Ваш взгляд привык к зелени листвы? Присмотритесь! Ну что – увидели «вторым взглядом» то, что не бросилось Вам в глаза «на первый»? И как – впечатляет? Ещё бы – это не может не впечатлить: в нашей лаборатории не было стен, пола и потолка! Вернее они были, но – какие! Это была вода, ограниченная прозрачным, вернее прозрачно-невидимым нанопластиком. Нет, этот эффект не достигался степенью прозрачности этого чудного материала из наночастиц, обладавшего свойствами тепло и электропроводимости, не боящегося огня – скорее, это был эффект игры света, воды и наночастиц, благодаря которому нано пластик и был невидим. И это была не просто вода – самая аномальная субстанция на земле… И уж совсем не просто вода стояла на столе в антикварном гранёном графине времён утопии – развитого социализма, сделанном из настоящего стекла. Я понимаю, что подобные (безумно дорогие, а к тому же ещё и хрупкие) вещи должны находиться в музее, но графин был мною подарен Зое – страстной любительнице винтажа – на её день рождения. И сейчас к этой изящной и древней вещице были прикованы восхищённые взгляды Фёдора и Петра. Казалось, даже Квант 121, стоящий на столе рядом с графином, всеми фибрами своей квантово-редуцированной души устремился к предмету всеобщего сосредоточения. Если Вы думаете, что все они не могли оторвать глаз от гранёного совершенства, Вы заблуждаетесь. Конечно же, объектом внимания восторженной аудитории, являлось содержимое графина. Зоя, оторвав взгляд от видеопанели нанодатчика флюоронаноскопа, перевела проекцию изучаемого образца через стереосистему визуального наблюдения на дисплей Кванта 121. Все устремили свои взгляды туда. На экране выплясывали дружную «чечётку» ассоциаты молекул воды, облачённые в невидимые обычному глазу нанокапсулы, которые, словно по волшебству, синхронно выкристаллизовывались в форме двойных спиралей, напоминающих основу жизни – молекулу дезоксирибонуклеиновую кислоту – ДНК. Раньше для такой метаморфозы требовались сверхнизкие отрицательные температуры и сверхвысокое давление внутри нанотрубок.

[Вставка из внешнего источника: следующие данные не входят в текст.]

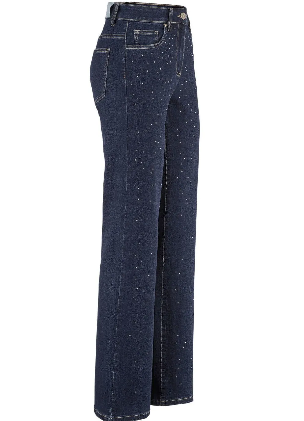 Extravagante Edeljeans mit modisch weitem Beinverlauf und dekorativer Strasszier im Vorderteil: 5-Pocket-Form, elastischer Formbund, Gürtelschlaufen, Knopf- und Reißverschluss sowie Jeanssattel. Innenbeinlänge ca. 78 cm, Fußweite ab 48 cm.

По выражению лиц присутствующих можно было сделать вывод о том, что, по меньшей мере, они разгадали нанотайну века. На дисплее Кванта 121 красовалась матрица для синтеза ДНК и считывания информации.

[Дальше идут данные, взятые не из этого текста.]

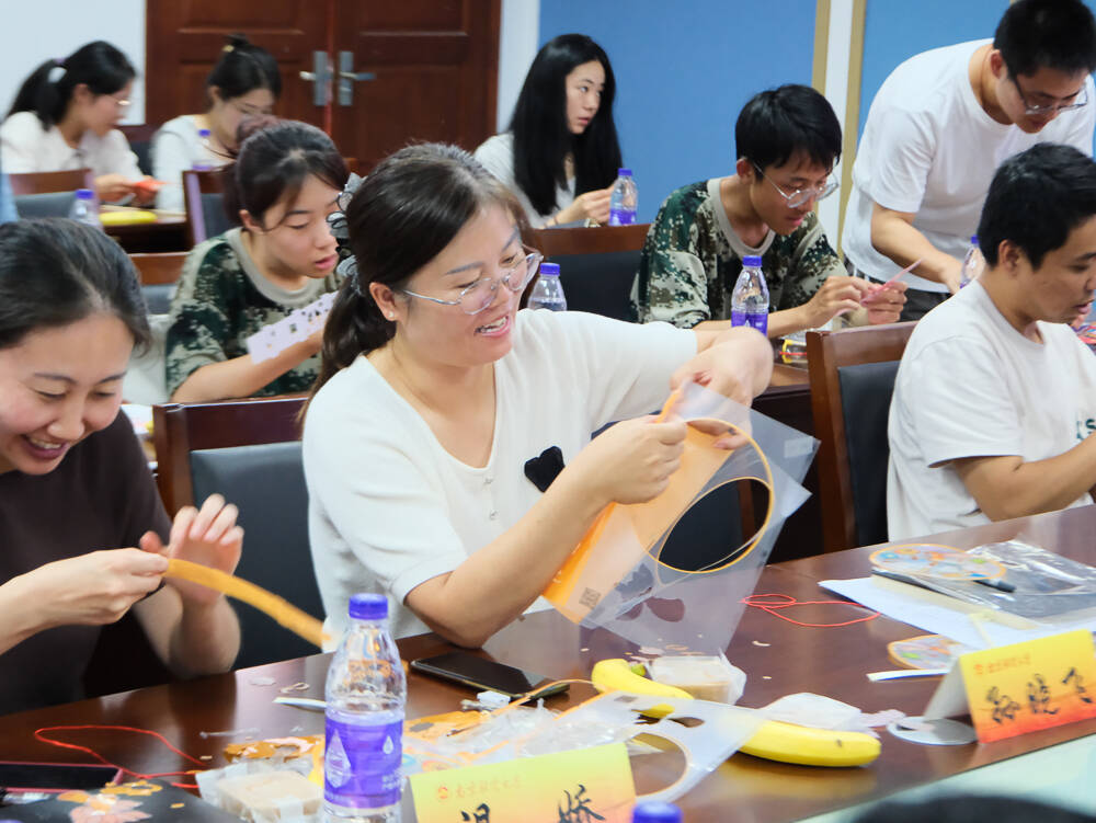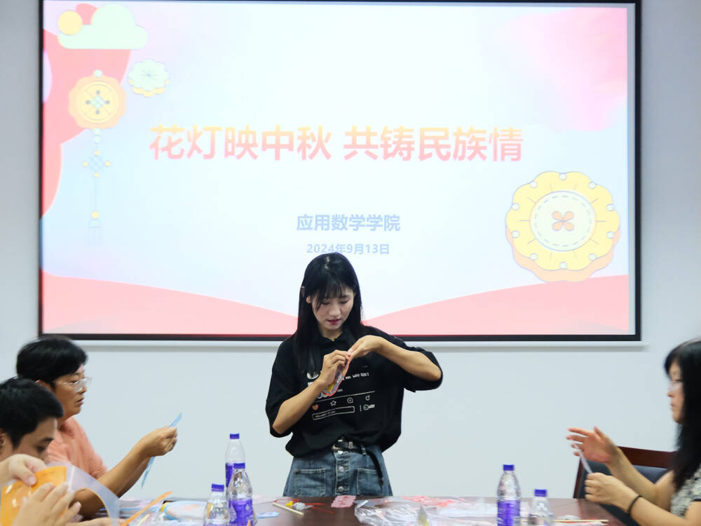 接着,主办方向在场的师生们发放了手工道具,并带领大家自制中秋花灯。老师和同学们有人低头专注地拼接花灯,手指灵活翻飞,灵巧地搭建出花灯的骨架;有人则细心地给花灯穿线,便有一盏盏精美的花灯映入眼帘。师生们纷纷兴奋地手持精美的花灯合影,表达对即将到来的中秋佳节的美好祝福。

– Подтверждено! – одновременно выдохнули Пётр и Фёдор.

– Итак, господа, в реальных экспериментальных условиях с использованием инфракрасной спектронаноскопии и спектроскопии нейтронного рассеивания полностью подтверждено существование макромолекул воды с необходимыми нам свойствами! – резюмировал Пётр.

– Да-а-а, теперь системе не нужно балансировать между разными фазами от газа – к жидкости – к твёрдому телу – все три состояния воды могут существовать одновременно, обуславливая её особые свойства! И всё это – без факторов температуры и давления! Переход между состояниями породил структурные превращения, в результате которых появилась новая форма, не существовавшая ранее! Мы добились ПОСТОЯННОГО состояния «критического перехода»! Невероятно! – воскликнула Зоя.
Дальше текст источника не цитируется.